- Directed by: Joseph Butcher David Merwin
- Written by: John Content Mark Richardson Tommy Sledge
- Starring: Tommy Sledge Kent Cheng Wong Ching Paul Chun Wong Jung Lee Ho San Dorothy Yu Jimmy Wang Yu (credited as Yu Wang)
- Distributed by: North Coast Entertainment
- Release date: 1990;
- Running time: 85 minutes
- Language: English

= Movie... In Your Face =

Movie... In Your Face is a 1990 comedy film, mostly consisting of a redubbed Hong Kong movie.

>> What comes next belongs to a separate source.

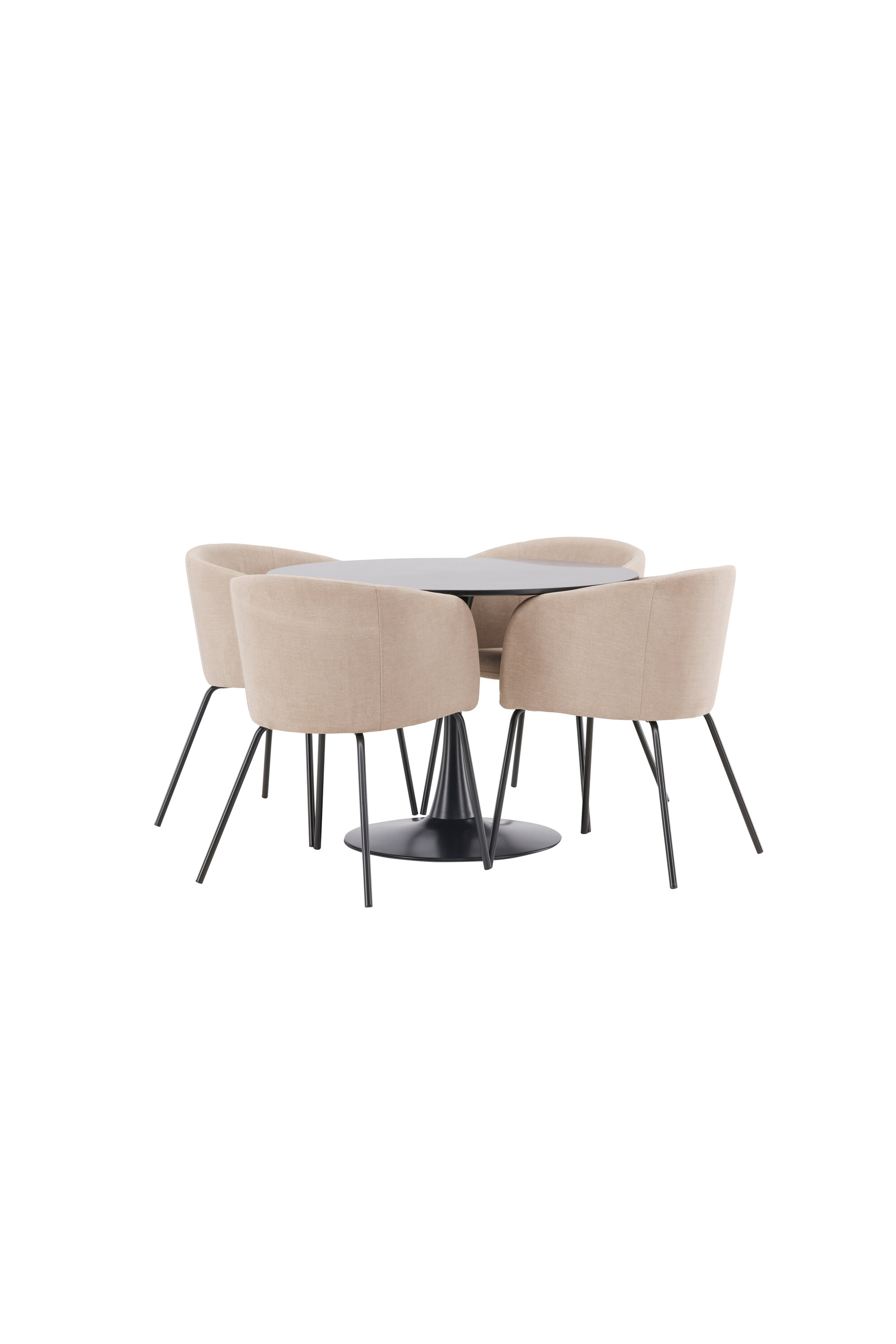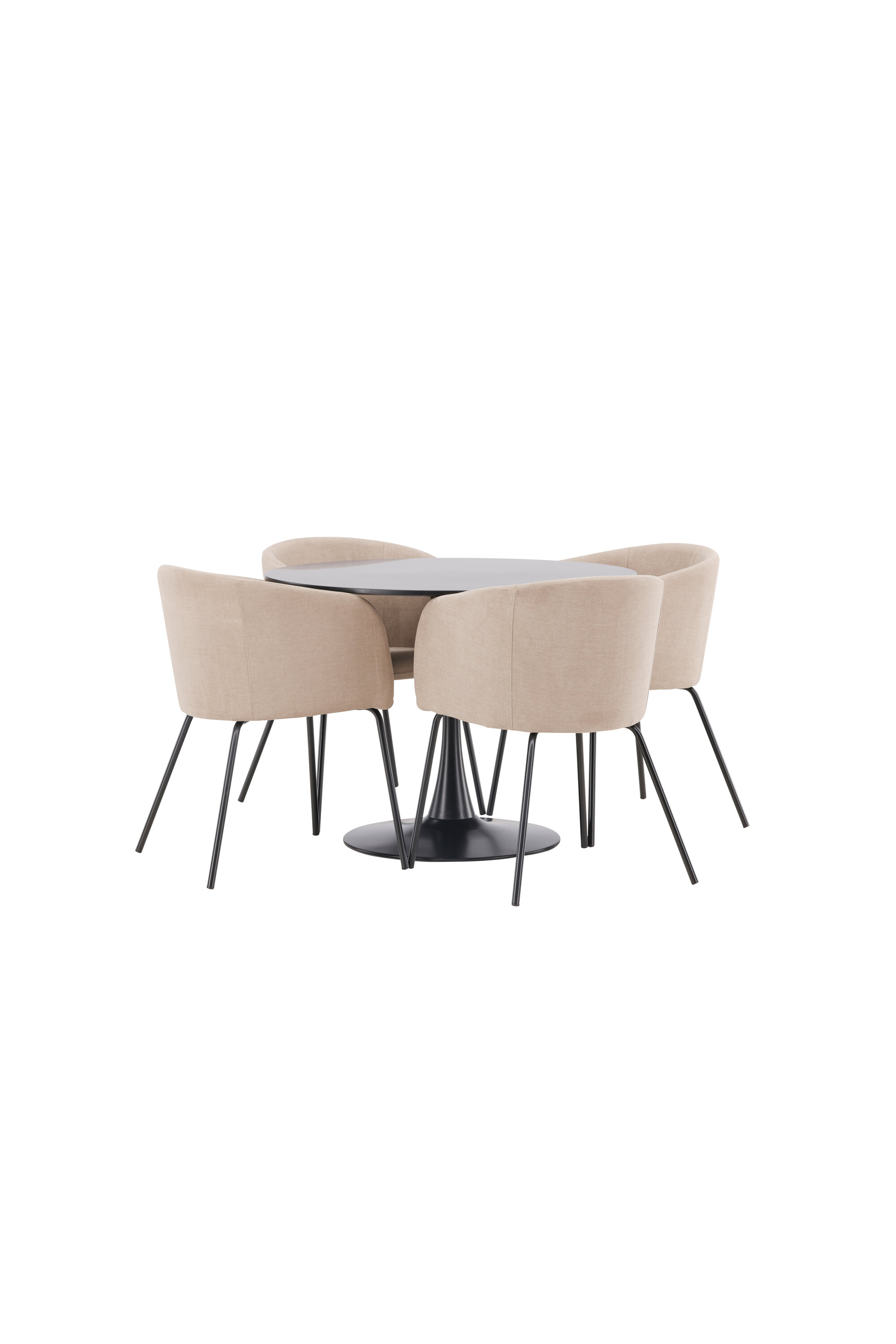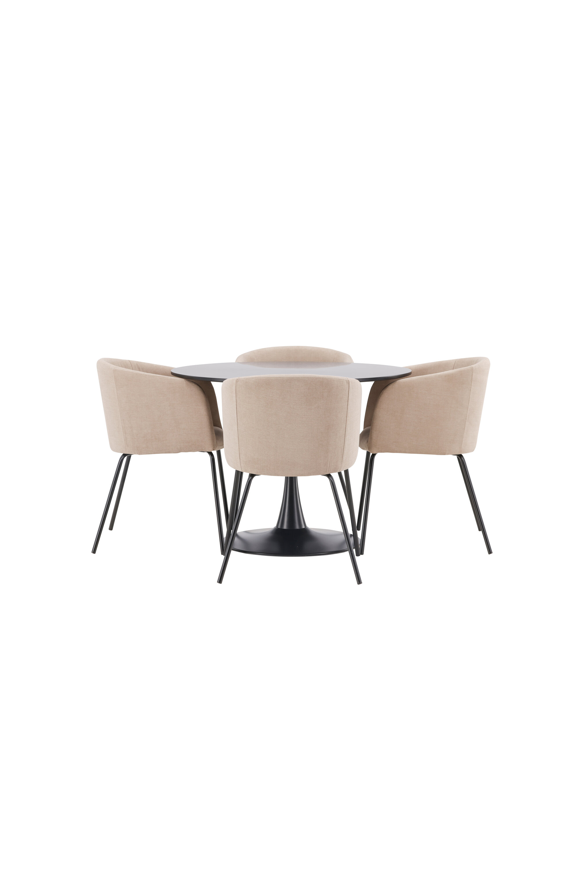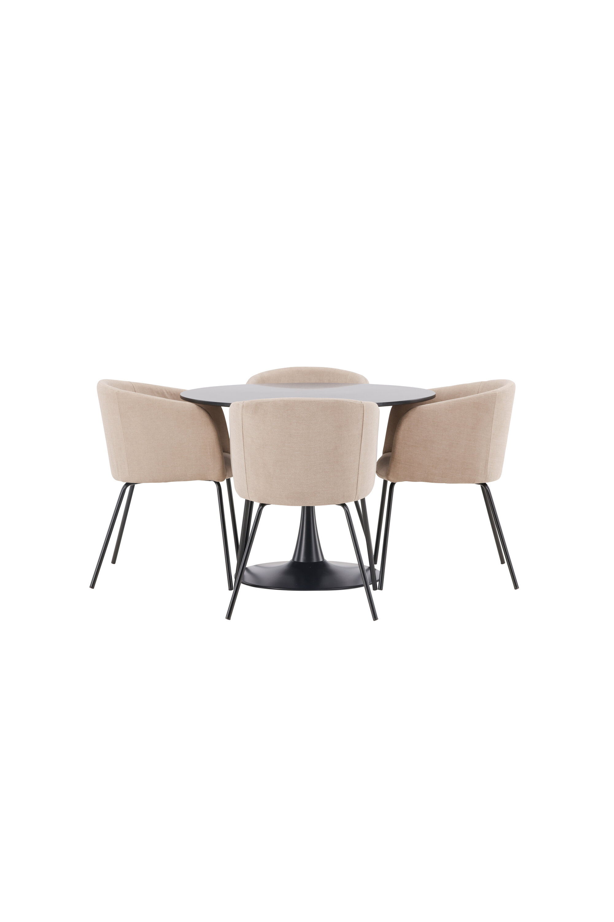 Söögigrupp, millest õhkub luksust! Glade söögilaud on stiilse skandinaavialiku disainiga, mille õhuke mustast terasest trompetijalg ja must MDF-ist lauaplaat. Siin koos meie mugavate söögitoolidega Berit. Toolil on täielikult polsterdatud disain, millel on sametkangast ja polüesterlinast kergelt ümardatud seljatugi ja iste ning kitsad mustast rauast toolijalad. Siit saate suurepärase söögigrupi oma kodu südamesse! Laua mõõdud: 100 cm.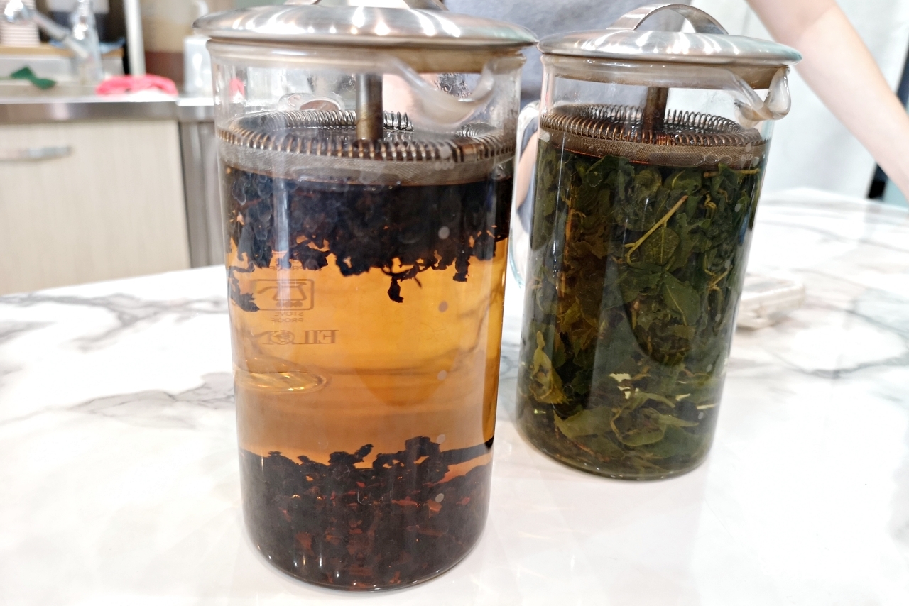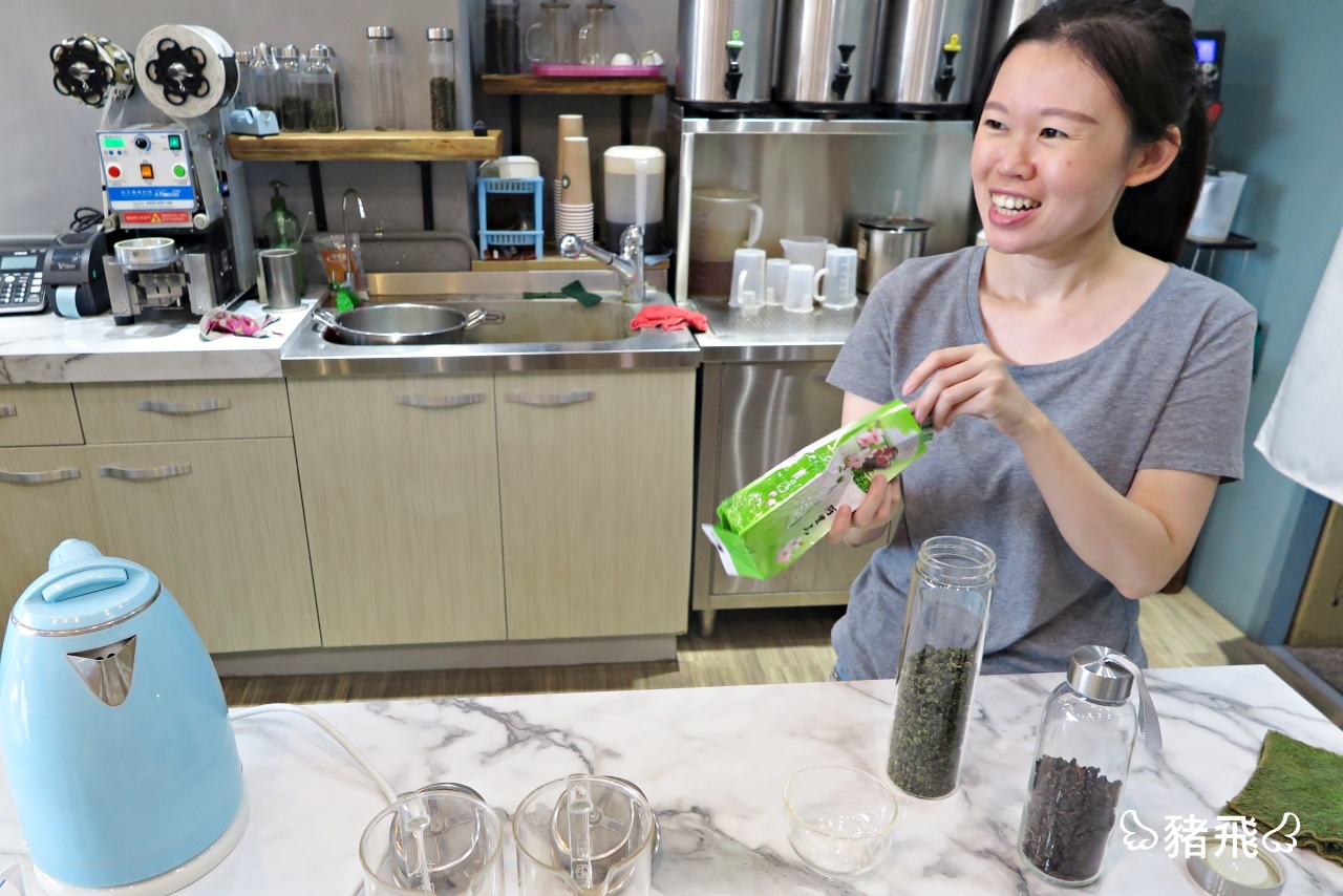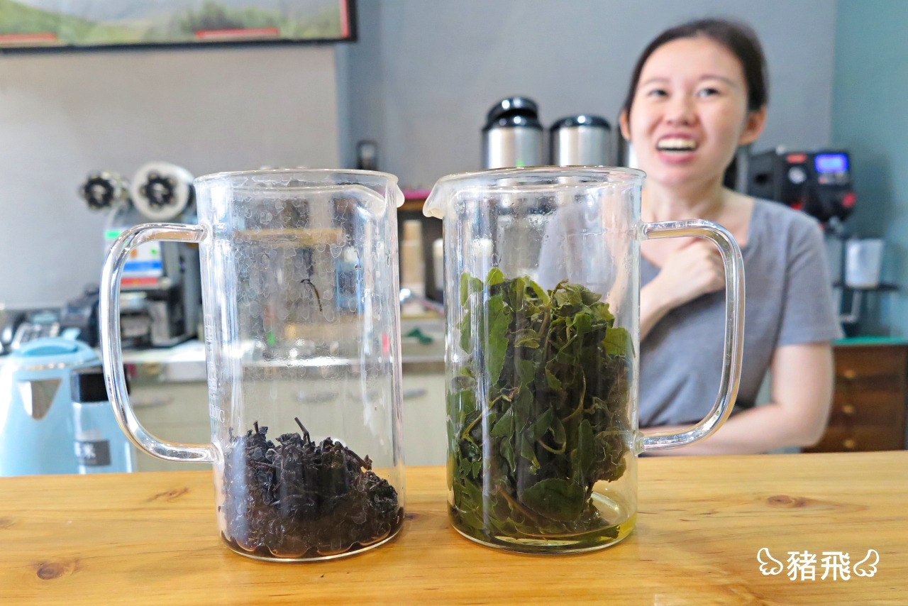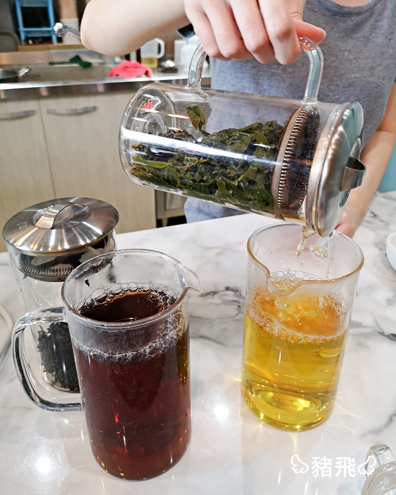 每一款茶葉沖泡的克數不同,沖泡前要用磅秤仔細秤重過,還要搭配對的熱水溫度和每一款茶浸泡的時間,龜毛要求完滿的細節,才能沖泡出最精細順口的茶味。豬飛雖然會泡茶,但每次都是很隨性的抓一把沖泡,看到她們對於自家栽種的茶葉這麼嚴謹的自我要求,心裡充滿了崇拜感(笑)。

In the style of movies like What's Up, Tiger Lily?, this movie was "produced" by replacing the original sound track of a 1984 Hong Kong movie — Ma hou pao or Crazy Kung Fu Master — with an English language sound track written to make the movie into a feature-length farce. Stand-up comic Tommy Sledge narrates the movie in his usual "hard-boiled detective" persona.

==Plot==
A group of Japanese gangsters overrun a movie studio to decide whether or not they want to buy it. Before they can buy it, however, they have to wait until after the studio's elderly owner dies.

==Availability==
This movie has been released on VHS videocassette, but not on DVD.